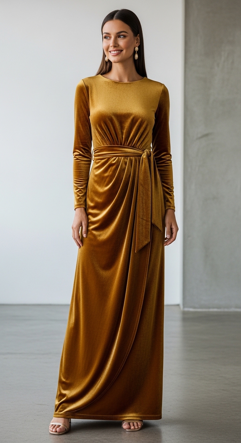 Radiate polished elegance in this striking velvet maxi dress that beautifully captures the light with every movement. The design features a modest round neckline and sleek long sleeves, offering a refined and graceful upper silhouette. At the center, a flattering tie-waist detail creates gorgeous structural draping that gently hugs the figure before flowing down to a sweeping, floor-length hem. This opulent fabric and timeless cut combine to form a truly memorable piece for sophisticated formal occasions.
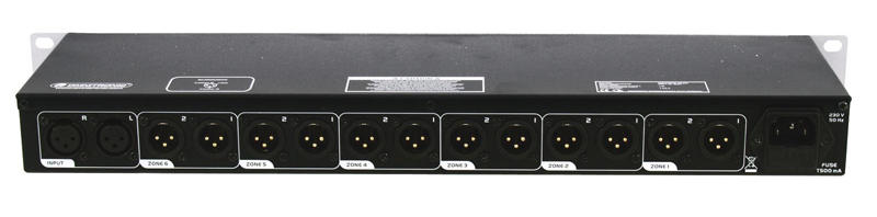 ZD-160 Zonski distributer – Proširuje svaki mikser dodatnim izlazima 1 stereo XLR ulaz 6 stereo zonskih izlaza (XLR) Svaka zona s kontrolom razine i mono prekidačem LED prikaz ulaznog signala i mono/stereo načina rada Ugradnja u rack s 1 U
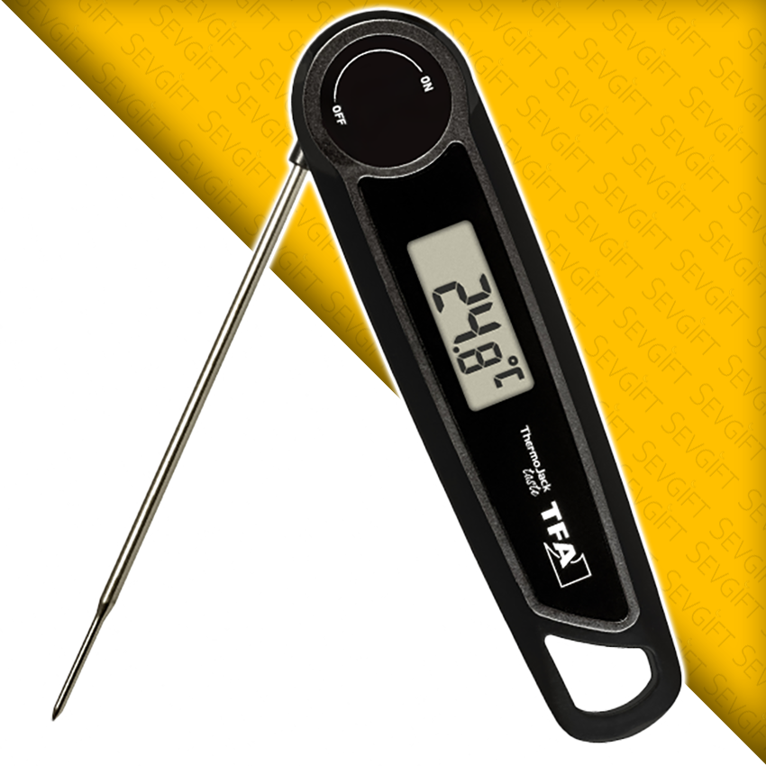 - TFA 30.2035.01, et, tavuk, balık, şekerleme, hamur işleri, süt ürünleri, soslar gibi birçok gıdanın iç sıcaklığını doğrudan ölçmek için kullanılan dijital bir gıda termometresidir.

============

THE PROBLEM
Every line from the top of the material above through the line with "ZD-160 Zonski distributer" should be duplicated exactly, please; leave out the pictures.

SOLUTION
 Radiate polished elegance in this striking velvet maxi dress that beautifully captures the light with every movement. The design features a modest round neckline and sleek long sleeves, offering a refined and graceful upper silhouette. At the center, a flattering tie-waist detail creates gorgeous structural draping that gently hugs the figure before flowing down to a sweeping, floor-length hem. This opulent fabric and timeless cut combine to form a truly memorable piece for sophisticated formal occasions.
 ZD-160 Zonski distributer – Proširuje svaki mikser dodatnim izlazima 1 stereo XLR ulaz 6 stereo zonskih izlaza (XLR) Svaka zona s kontrolom razine i mono prekidačem LED prikaz ulaznog signala i mono/stereo načina rada Ugradnja u rack s 1 U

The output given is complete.